Однако в то время мы вовсе не думали о поражении, и когда в тысяча семьсот девяносто седьмом году приехали в Монбелло к Наполеону Бонапарту, покорителю Италии, он был еще в расцвете сил, а семья богатела с каждым днем за счет победоносного шествия Наполеона. Главная причина, побудившая брата собрать членов семьи в Монбелло, – желание, чтобы мы ближе узнали его новоиспеченную жену Жозефину. Нам было практически приказано не только восхищаться этой женщиной, но принять в семью и любить ее. Как глупо с его стороны! Мы ненавидели Жозефину еще до встречи с нею. Женился он тайно, точно стыдясь своего поступка. Мама была крайне раздосадована; ведь она подобрала для Наполеона во всех отношениях респектабельную Дезире Клари, младшую сестру жены Жозефа. Фактически уже состоялась помолвка, но Наполеон бросил Дезире ради женщины, старше его на несколько лет. Уроженка аристократической семьи с острова Мартиника, Жозефина в дни террора чудом осталась жива. У вдовы с двумя детьми было столько долгов, что о них ходили легенды. Мы ее заведомо невзлюбили. Наметилось довольно жесткое противостояние.

Я вспоминаю день, когда, находясь во дворе замка, застала Наполеона и маму за серьезным разговором. Время от времени брат смотрел в мою сторону, очевидно, чем-то раздосадованный. Я говорю «очевидно», потому что он грыз ногти – старая привычка, проявлявшаяся в момент крайнего раздражения. Потом к ним присоединилась Жозефина. Изумительная грация делала ее особенно привлекательной. На ней было муслиновое платье с глубоким декольте и высокой талией. Ее грациозность раздражала меня, рядом с ней я чувствовала себя какой-то неуклюжей. Я тут же решила сделать все, что в моих силах, чтобы вместе с остальными членами семьи способствовать ее бесчестию и падению. Я все еще кипела от злости и детского негодования, когда во дворе показался гулявший в одиночестве Иоахим Мюрат. Приблизившись ко мне, он галантно поклонился. Машинально я протянула ему руку, которую он одарил долгим поцелуем. От его полных чувственных губ, теплых и влажных, меня буквально бросило в жар.

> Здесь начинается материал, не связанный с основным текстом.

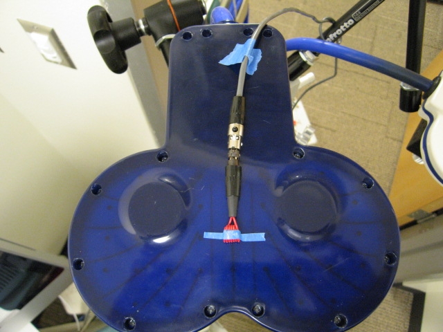 The TMS coil is too small to fit in the standard SENSE head coil. The two options are to use the 2-element surface coil (TMJ coil) for local coverage or the whole-head birdcage transmit/receive (TR) coil. If using the TR coil, the placement of the TMS coil relative to the TR coil is critical. If it is too close to the bars of the TR coil, the scanner will give an error message such as: “TR head coil requires 2149 watts. Limit is 2000 watts.” This might be due to inductive coupling between the headcoil and the TMS coil, so the scanner cannot drive the coil to generate RF.
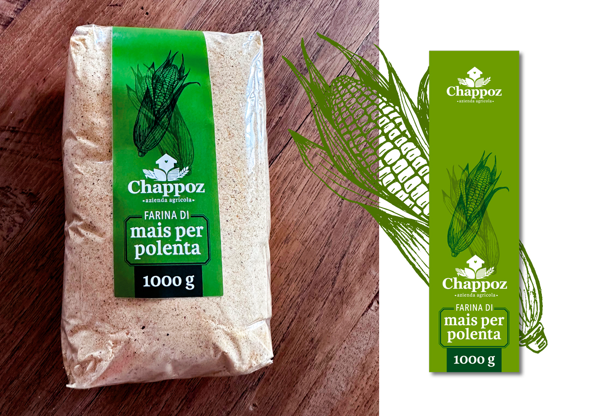 La volontà era quella di proporre un’immagine che identificasse l’azienda agricola, a conduzione familiare, che coltiva mais, cereali e ortaggi in bassa valle a Donnas.
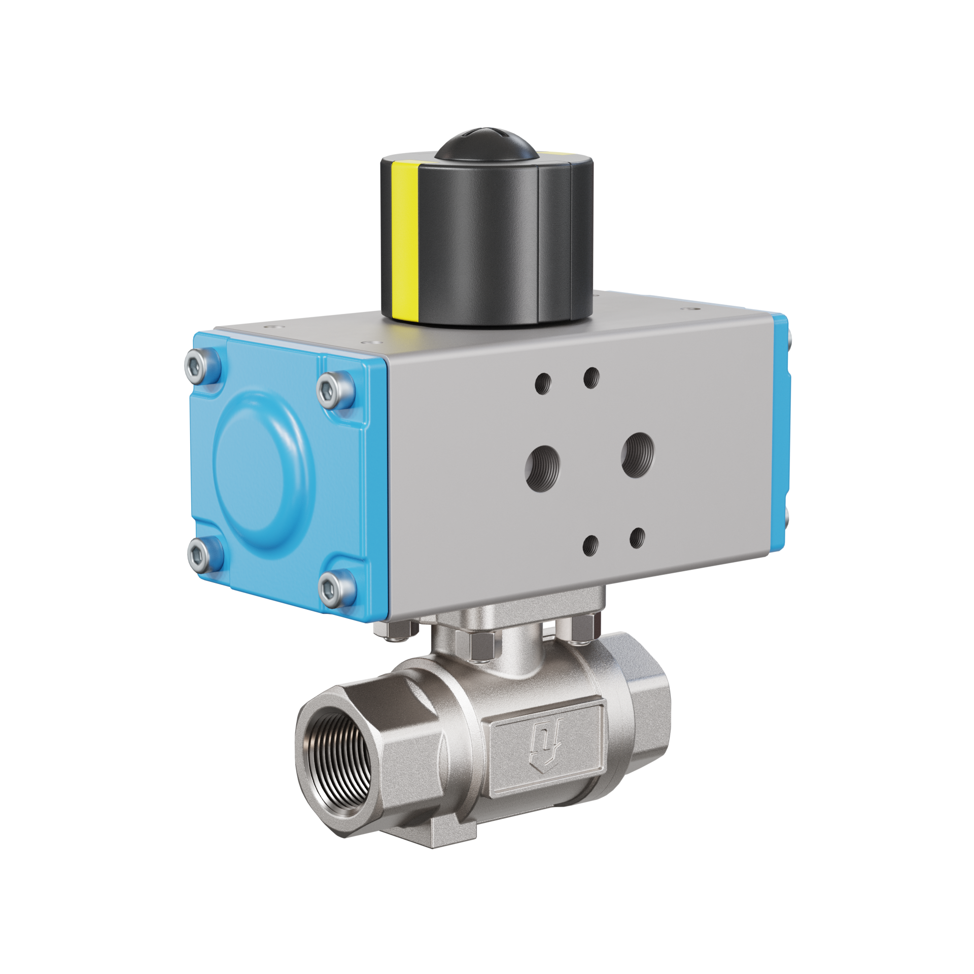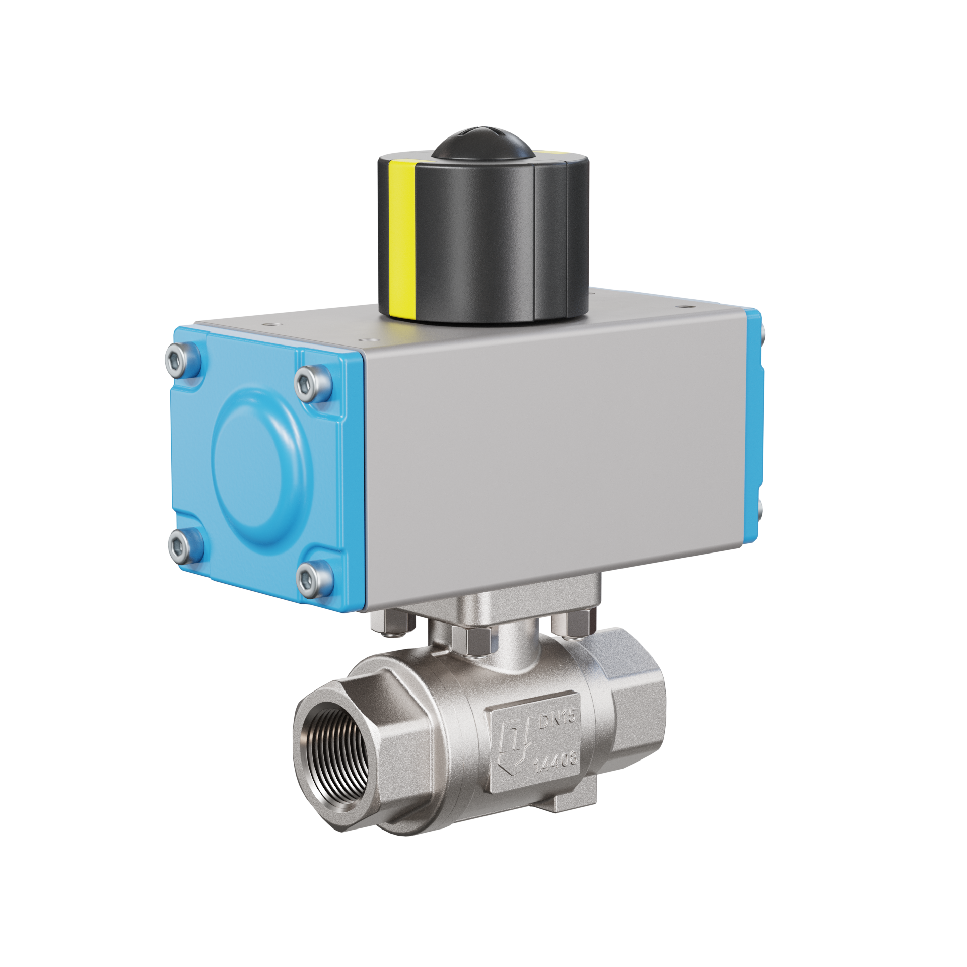 Trinkwasser-Kugelhahn pneumatisch DN15 - 1/2" Zoll Drehantrieb doppeltwirkend PK02

– Вы Каролина Бонапарт, – проговорил он.

– А вы Иоахим Мюрат, – сказала я, стараясь скрыть дрожь в голосе. Он предложил свою руку, и мы стали бродить вместе по двору. На мне тоже было белое муслиновое платье с глубоким вырезом и высокой талией. Свободной рукой я дерзко потянула вниз декольте, желая показать в наиболее выгодном свете свою крепкую полную грудь. Замечавшая все Жозефина улыбнулась мне ободряюще. Наполеон, такой же наблюдательный, как и его супруга, еще яростнее стал грызть ногти. Что же касается мамы, то она окатила меня ледяным взглядом.

– Сегодня вечером состоится грандиозный бал, – проговорил Мюрат.

– Знаю и с нетерпением жду его.

– Надеюсь, вы будете танцевать только со мной, – сказал он, сильнее прижав к себе мою руку.

– Оставлю за вами по меньшей мере один танец, – хихикнула я (мой недостаток с детства). – Не забудьте пригласить потанцевать и Полину.

– Предпочитаю вас вашей сестре, – заявил Мюрат довольно откровенно.

Это признание поразило меня.

– Но Полина очень красива, подлинная красавица. Одна из самых прелестных девушек Франции.

– Но если вы настаиваете, мадемуазель.

Ему следовало обращаться ко мне «гражданка», однако подобное обращение, слава Богу, уже быстро выходило из моды.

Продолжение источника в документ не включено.